_PROBLEM STATEMENT_. Apart from the images, the entire listing below must be restated word for word.

_SUPPLIED DATA_.
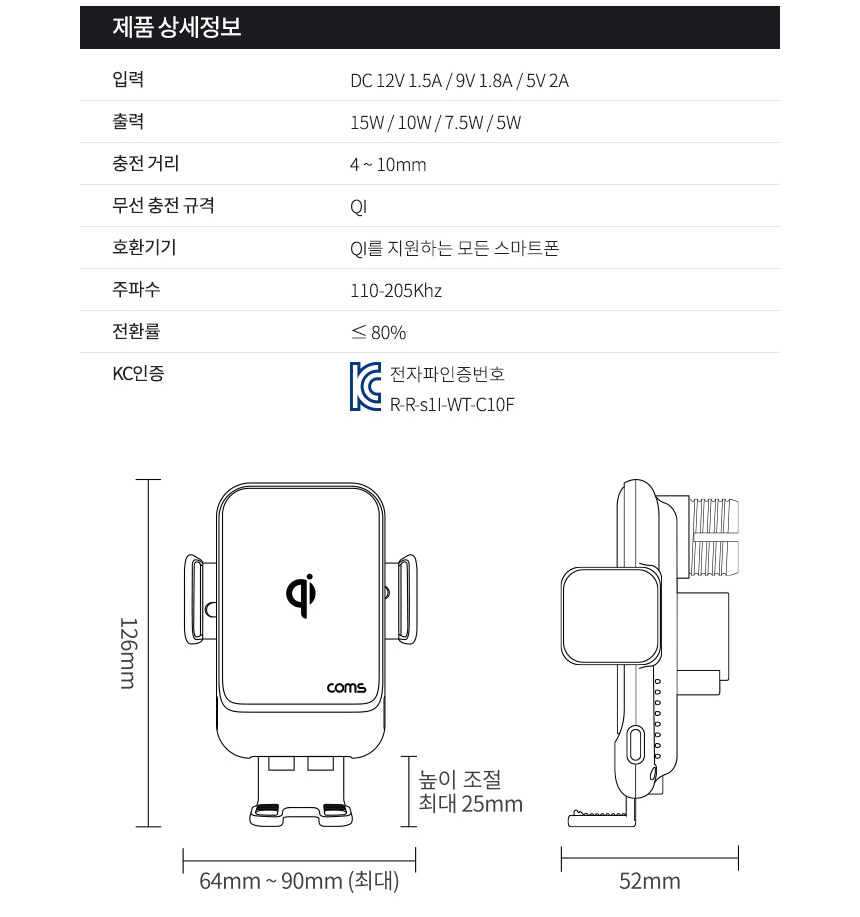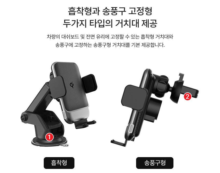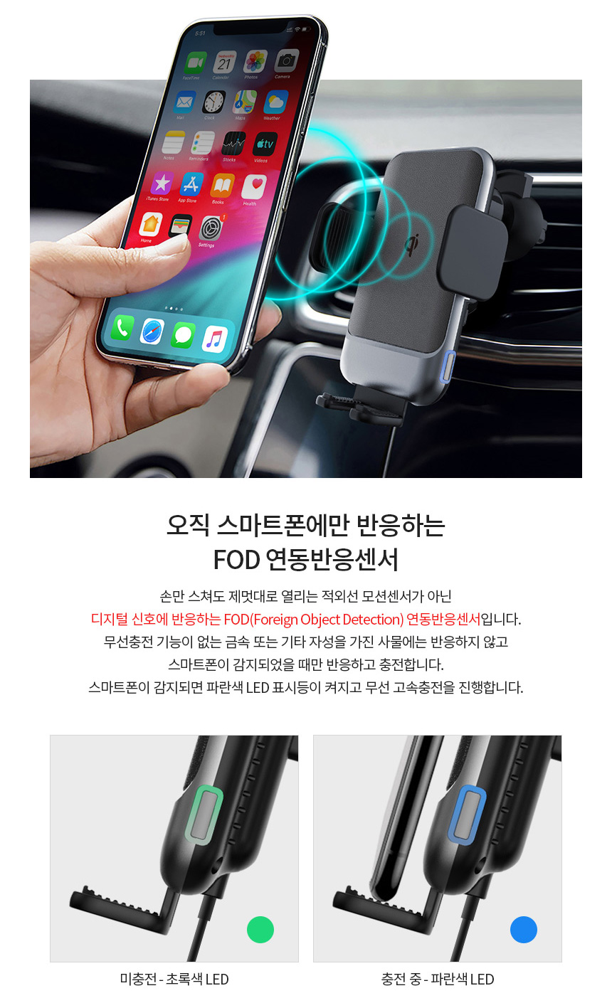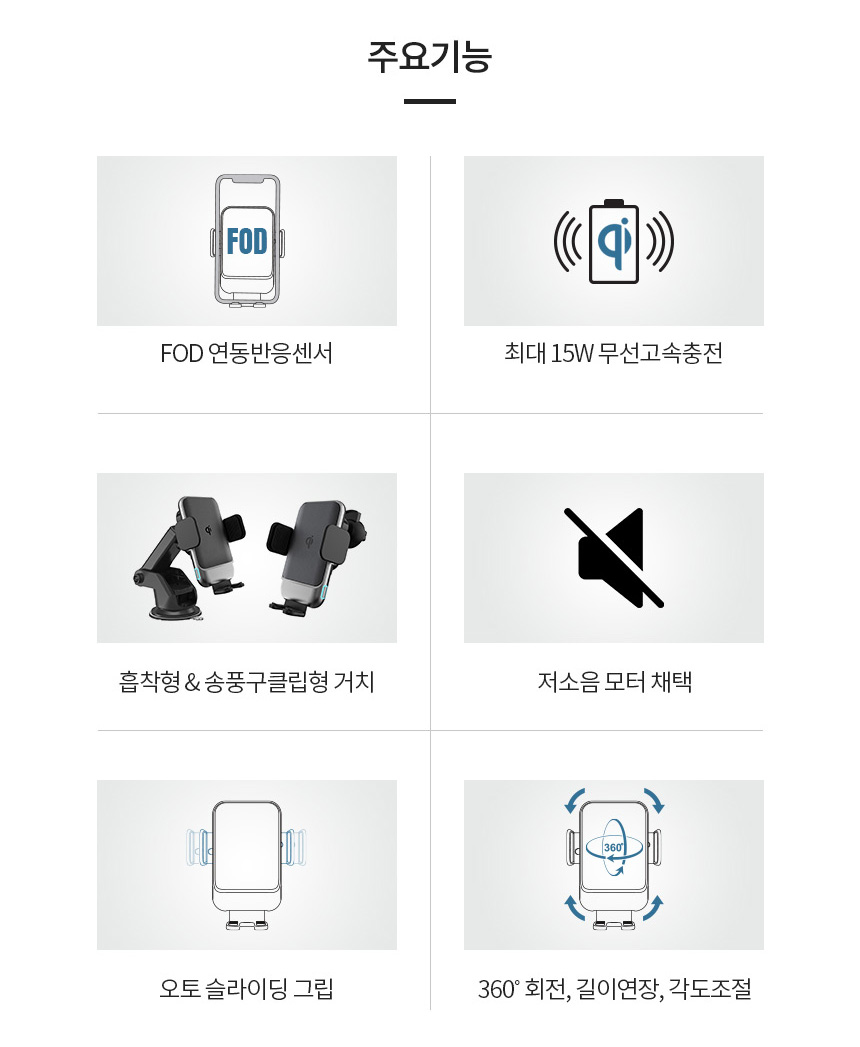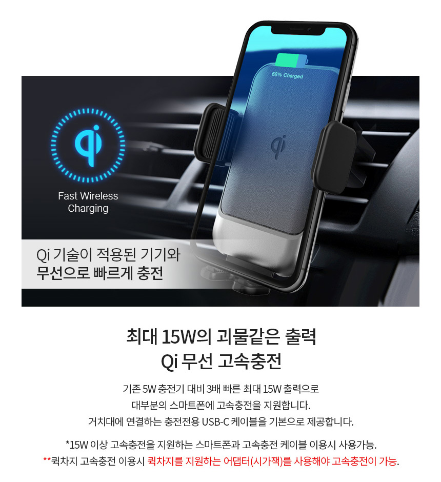 차량용 휴대폰 스마트폰 거치대 받침대 대쉬보드 유리 흡착식 원터치 고정 젤패드 송풍구형 거치 스마트폰 고정 FOD센서 스마트폰만 자동인식 자동거치 예비 전력 시스템 시동 OFF에도 탈착가능 360도 볼헤드 각도조절 길이조절 다양한 기기 거치에 활용 수려한 피니쉬 마감 국제표준 qi 인증 무선충전 시스템 15W 고속충전 스마트 IC 적용 충전규격 자동인식 다중보호회로 정전기방지 과전압보호 과열방지 단락보호 구성 무선충전패드 송풍구거치대 흡착형거치대 C타입USB케이블 사용자 설명서 - 오호! OHOI
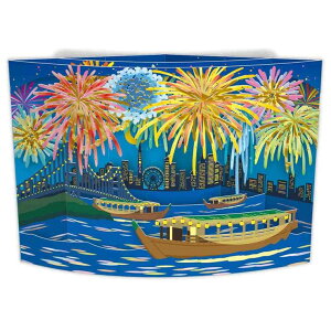 夏の風物詩・花火と屋形船を描いた情緒たっぷりの立体カード贈り物/手紙/かわいい/プレゼント/ギフト夜空を彩るカラフルな花火と屋形船をダイナミックにデザインしました。カーブ型の形状なので奥行きある構造が楽しめます...
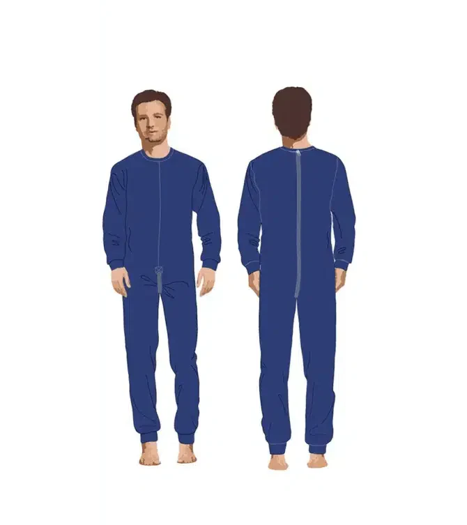 Tuta clinica uomo in caldo cotone, totalmente in tinta unita con cerniera sul retro della Gary.

_THE ANSWER_.
 차량용 휴대폰 스마트폰 거치대 받침대 대쉬보드 유리 흡착식 원터치 고정 젤패드 송풍구형 거치 스마트폰 고정 FOD센서 스마트폰만 자동인식 자동거치 예비 전력 시스템 시동 OFF에도 탈착가능 360도 볼헤드 각도조절 길이조절 다양한 기기 거치에 활용 수려한 피니쉬 마감 국제표준 qi 인증 무선충전 시스템 15W 고속충전 스마트 IC 적용 충전규격 자동인식 다중보호회로 정전기방지 과전압보호 과열방지 단락보호 구성 무선충전패드 송풍구거치대 흡착형거치대 C타입USB케이블 사용자 설명서 - 오호! OHOI
 夏の風物詩・花火と屋形船を描いた情緒たっぷりの立体カード贈り物/手紙/かわいい/プレゼント/ギフト夜空を彩るカラフルな花火と屋形船をダイナミックにデザインしました。カーブ型の形状なので奥行きある構造が楽しめます...
 Tuta clinica uomo in caldo cotone, totalmente in tinta unita con cerniera sul retro della Gary.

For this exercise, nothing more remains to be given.